Tout à l’heure, l’heure avant l’aube, avant les premières
lueurs d’un jour blafard, mon cerveau sevré réclamera sa dose de toxique.
J’aimerais prendre un café, un matin, un café comme les gens normaux, mais mon
corps crie pour de l’alcool, pour du mauvais vin, pour une bière aigre, mes
mains tremblent et cherchent les dernières gorgées de liquide. Et
j’avalerai en grimaçant ces gorgées, juste assez pour tenir debout, pour
changer de niche, pour aller mendier ma prochaine bouteille.
J’ai froid, je n’aime pas ce quartier, je ne m’y sens pas
chez moi. Je n’habite pas l’hiver, je lui survis. Peut-être. Les gentils en
blouson fluo passeront nous voir, voir comment nous allons, nous les tas de
chiffons, nous les amas de crasse, ils nous offriront un café chaud, une petite
discussion. Ça fait longtemps qu’ils ne nous proposent plus une place en foyer. Ils viendront nous chercher seulement si une nuit de loup
fait ouvrir un gymnase, pour éviter que trop d’entre nous sombrent dans le
thermomètre. Je ne les regarde pas toujours, ils maraudent tard dans la nuit et
je suis si fatigué. Je fais semblant de dormir, de cuver, j’espère qu’ils ne
resteront pas assez longtemps pour dissiper mes brumes, pour briser ce début
d’inconscience qui me fait oublier le froid.
Je les ai suivis autrefois, dans ces bibliothèques de misère
et de clochards, de déracinés et de paumés, dans ces recueils de pauvreté et de
galères. J’ai eu un repas chaud, un bon repas, un lit dans un dortoir
surpeuplé, je n’ai pas dormi, entre les bagarres des avinés plus avinés que
moi, plus mauvais que la teigne qui ronge l’épiderme de mon voisin, plus
agressifs que la vermine qui rampait entre ses poils clairsemés, et les cris
des plus fous que moi, fous de solitude et de désespoir. Je n’y vais plus.
Là-bas, il n’y a que des ombres d’humains, mes doubles minables, terrible
miroir de ma déchéance. Et puis, je n’y avais pas attrapé la teigne de mon
voisin, je n’allais pas tenter à nouveau ma chance.

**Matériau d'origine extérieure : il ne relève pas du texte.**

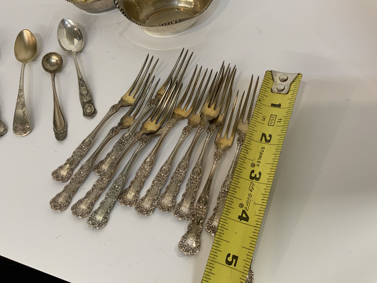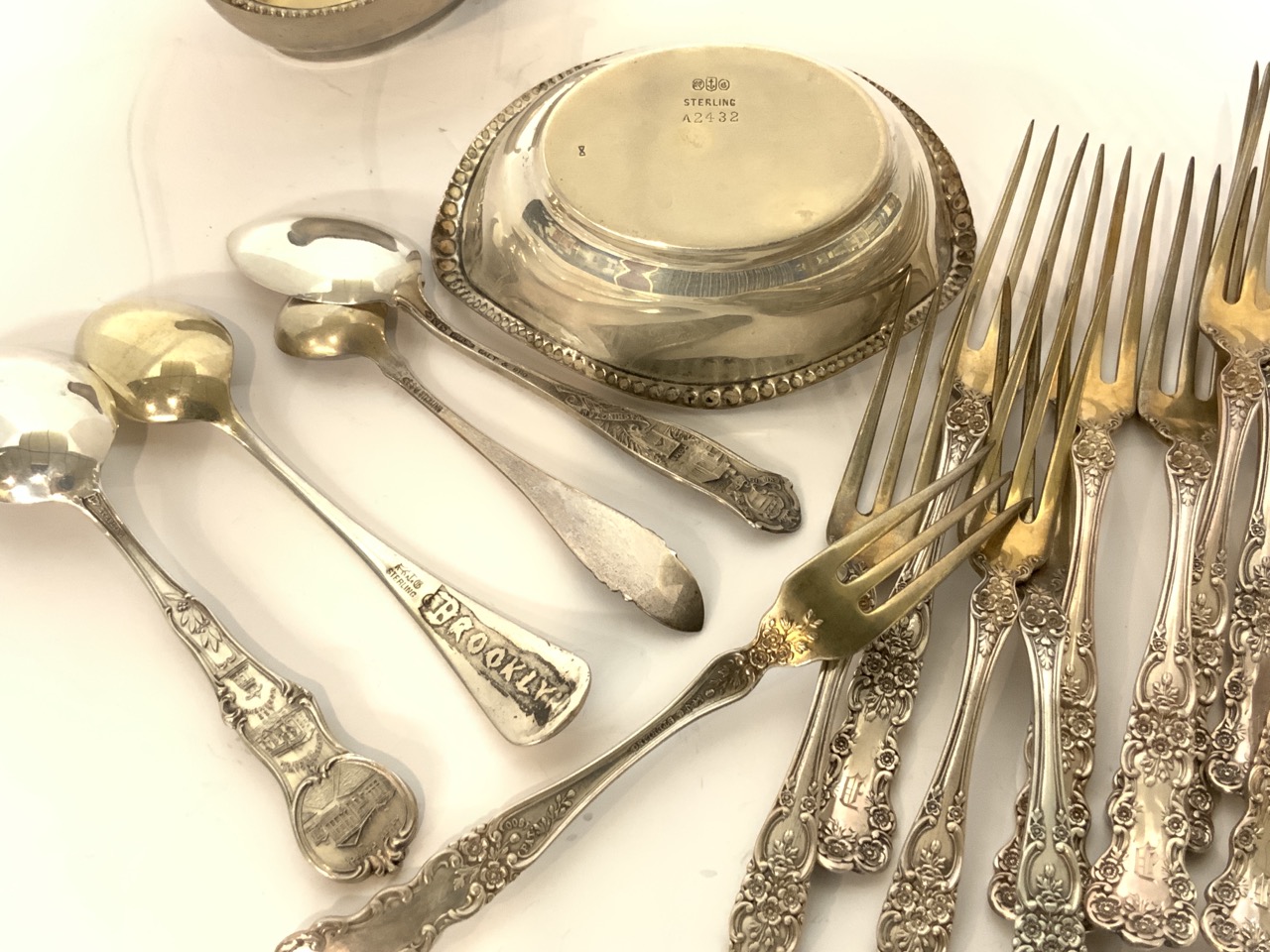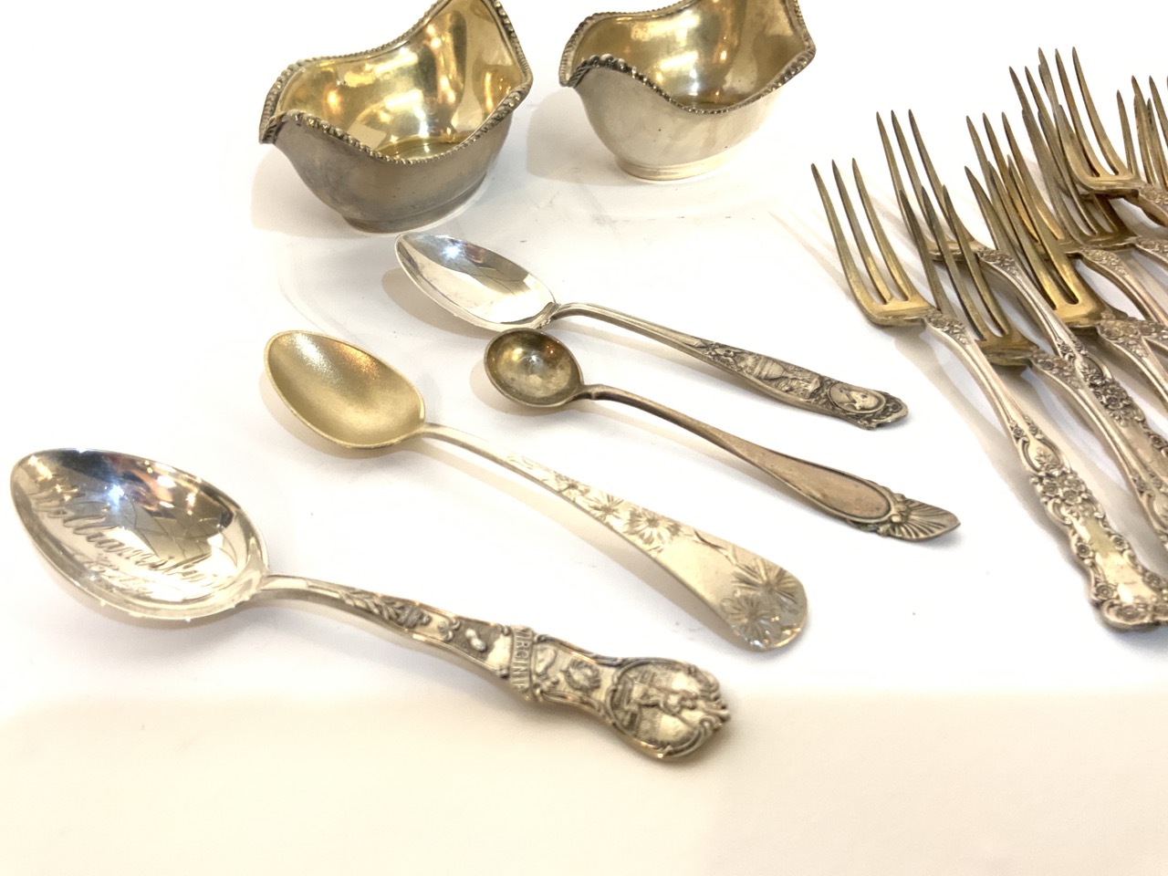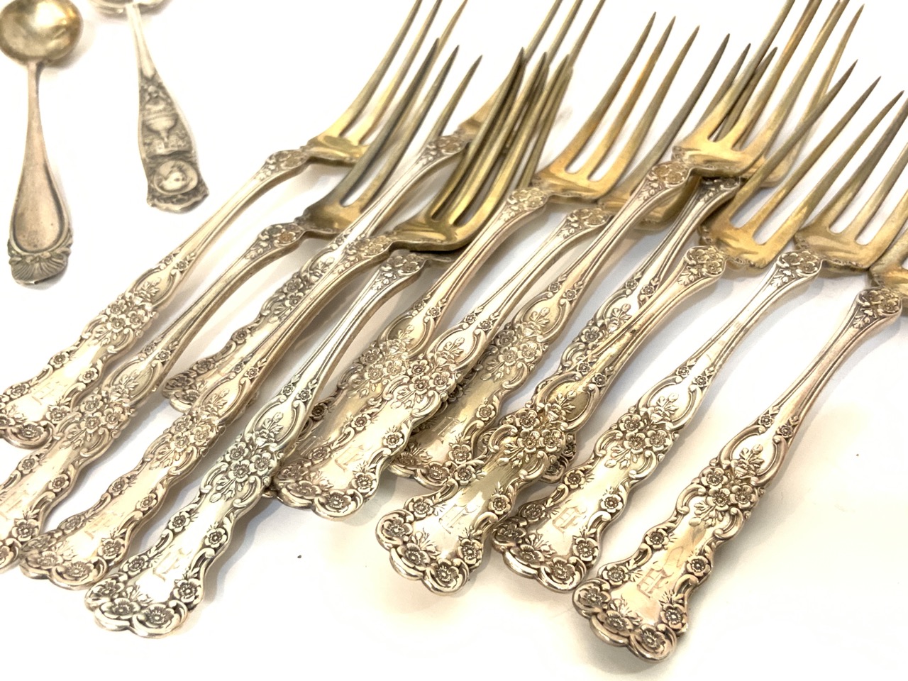 Compiled estate sterling silver flatware with Gorham salts and pickle forks service.

Tout à l’heure, après l’heure avant l’aube, après les
premières lueurs d’un jour blafard, j’irai me poster sur le chemin des jambes
et des souliers affairés, et je tendrai la main. Parfois, je lève la tête pour
découvrir les gens qui vont de ces pas rapides, j’admire les jolis vêtements,
je me dis que cette jeune fille serait gracieuse si elle n’avait pas sacrifié à
une mode qui l’enlaidit. Je contemple un visage propre, des cheveux bien
coiffés, bien coupés, les mains dans des gants, le dos protégé par un bon
manteau. Nous ne vivons pas au même étage. Moi je vis avec leurs pieds, loin de
leur regard. Ce monsieur passe tous les matins avec son chien, et tous les
matins, tire sur la laisse de son clébard pour l’empêcher de me flairer, pour
le tenir à distance de mes fumets et de mes guenilles. Son chien est plus
propre que moi, mais nous pourrions fraterniser. Nous avons le même point de
vue.
Une main laissera tomber une piécette dans ma main tendue,
une main culpabilisante, une main qui vit au tiède, une main qui connait le
confort et le réconfort, une main qui partage la monnaie du pain. La main ne
jette pas un œil sur moi, je murmure un merci, pour moi, pour rester poli, pas
pour la main qui ne m’entend pas plus qu’elle me regarde. Plusieurs mains se
tendront négligemment vers ma paume tournée vers le ciel, feront tomber ma
maigre récolte, ma solde du jour, la promesse d’un autre litre. Les jours de
chance, j’ai de quoi acheter au moins trois litres. Mais je n’en bois pas plus
de deux. J’ai peur de manquer. C’est terrible ce manque, quand il me ravage. Il
faut tenir, être sûr d’avoir deux litres, chaque jour.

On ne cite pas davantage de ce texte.